In The Differences, A Happy Pairing

November 19, 1999


Tamara Siprashvili



Mark Anderson

By Paul Hersh

Duo pianists Mark Anderson and Tamrico Siprashvili, with Michael Morgan conducting, opened the Oakland East Bay Symphony season in the Paramount Theater last Wednesday in a highly musical performance of Mozart's Concerto for Two Pianos and Orchestra, K. 365. The pianists, Pleasant Hill residents who met at the Leeds Piano Competition in 1990 and married in 1993, embody very different styles.

Siprashvili's playing is the more energized, with a brighter tone, while Anderson's music making is somewhat darker and statelier. This made for an attractive dialogue in the shared material of this buoyant and elegant concerto, which Mozart is said to have written for himself and his sister to perform. The artistry and skill of Anderson and Siprashvili makes one hope that they will have more opportunities for local appearances both in duo and in individual repertoire. A stronger rhythmic profile from the orchestra would have made this an absolutely first-class reading.

Then the orchestra and the Oakland Symphony Chorus tackled Beethoven's Ninth Symphony. This was a special, millennium concert marking Morgan's tenth year with the orchestra. While not all aspects of this performance reached the highest standards, there were, nevertheless, many fine moments. Tyler Mack's tympani lent rhythmic fire to the Scherzo, and the clarinet and oboe solos in the third movement, played, respectively, by Diane Maltester and Andrea Plesnarski, were intense and beautifully structured. Although lacking in the necessary mystery of the opening sotto voce, the first movement got off to a good start and continued successfully. The enormous second movement Scherzo, while not always rhythmically exact, still made for pleasurable listening.

The slow movement, which begins Adagio molto e cantabile, lacked a sufficiently long tensional line, however. Mr. Morgan seemed to be over-conducting with energetic, vertical beats when the music demanded just the opposite. As a result, it was difficult to appreciate the contemplative mood of this movement. Before the Choral Finale, the recalling of the themes of the previous three movements was clear and incisive, but the transition to the choral passages, although played with great energy by the cellos and basses, lacked a clear sense of direction.

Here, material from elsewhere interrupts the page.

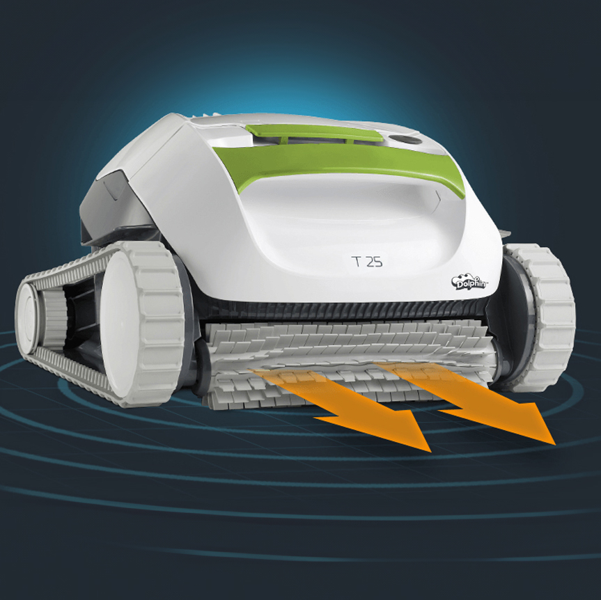 Le nettoyeur Dolphin T25 nettoie en toute autonomie et en seulement 2h, le fond et les parois de votre piscine, quelque soit son revêtement à l'aide de sa brosse active qui désincruste les saletés, même les plus tenaces !

The Finale itself had force and power, but the transitions between its various sections, and the contrasts between these sections, needed more careful planning to summon the full majesty of the music.

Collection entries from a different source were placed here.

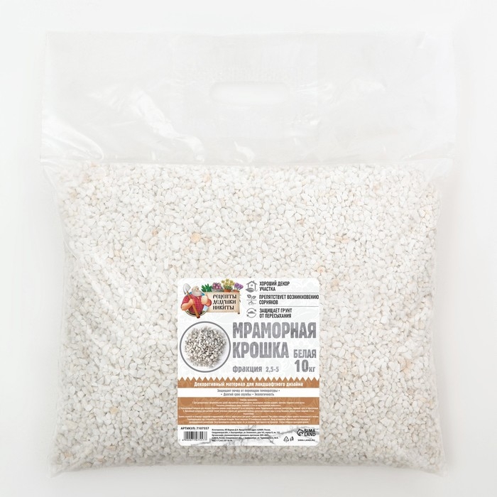 Мраморная крошка "Рецепты Дедушки Никиты", отборная, белая, фр 10-20 мм , 10 кг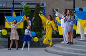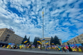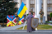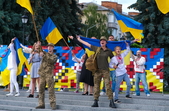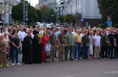 Представники влади та громадськість хвилиною мовчання вшанували загиблих у війні з росією. Урочисте підняття жовто-блакитного прапора на 50-метрову висоту відбулося під час виконання гімну України оркестром.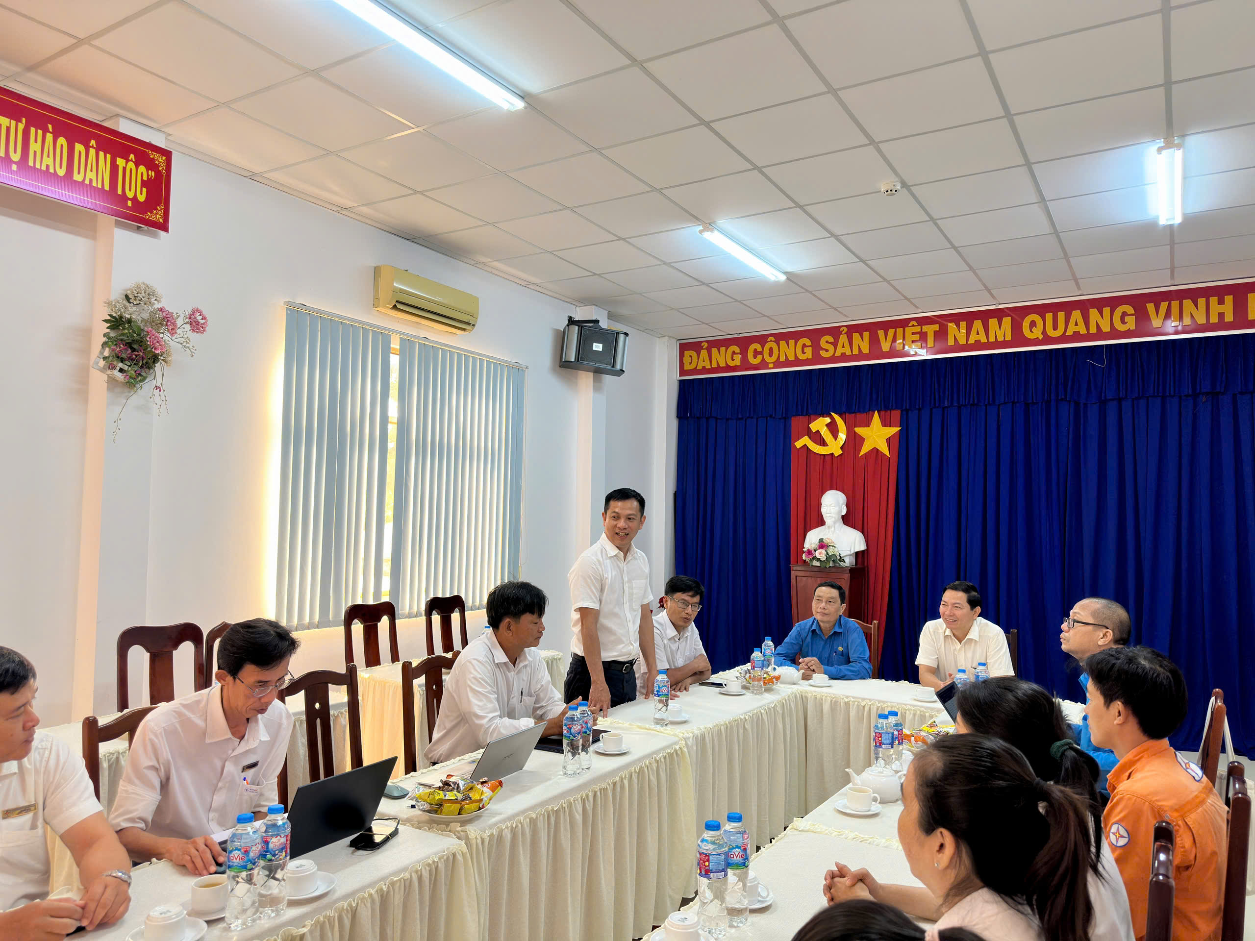 Tham dự buổi gặp gỡ có Đồng chí Phạm Nguyễn Minh Châu – Phó Chủ tịch Công đoàn Tổng công ty Điện lực miền Nam; Đồng chí Trần Quang Tâm – Chủ tịch Công đoàn cơ sở Công ty Điện lực Đồng Tháp cùng Ban lãnh đạo và tập thể CBCNV Đội Quản lý điện Nha Mân.

Nonetheless, this was a worthy event and one of which the Oakland community must be justly proud. One had the sense that all of the performers--orchestral musicians, conductor, chorus, and soloists--were giving their utmost. After the "coasting" of some major orchestras, this is to be remarked upon and reverenced. The earnest, though flawed effort is often preferable to one of smooth and facile polish and will certainly linger longer in the memory.

The concert, which was televised live on Bay TV, may be seen in re-broadcast on Friday, November 26 at 9:30 PM.

(Paul Hersh is a pianist and violist, and, since 1972, the James D. Robertson Professor of Piano at the San Francisco Conservatory of Music.)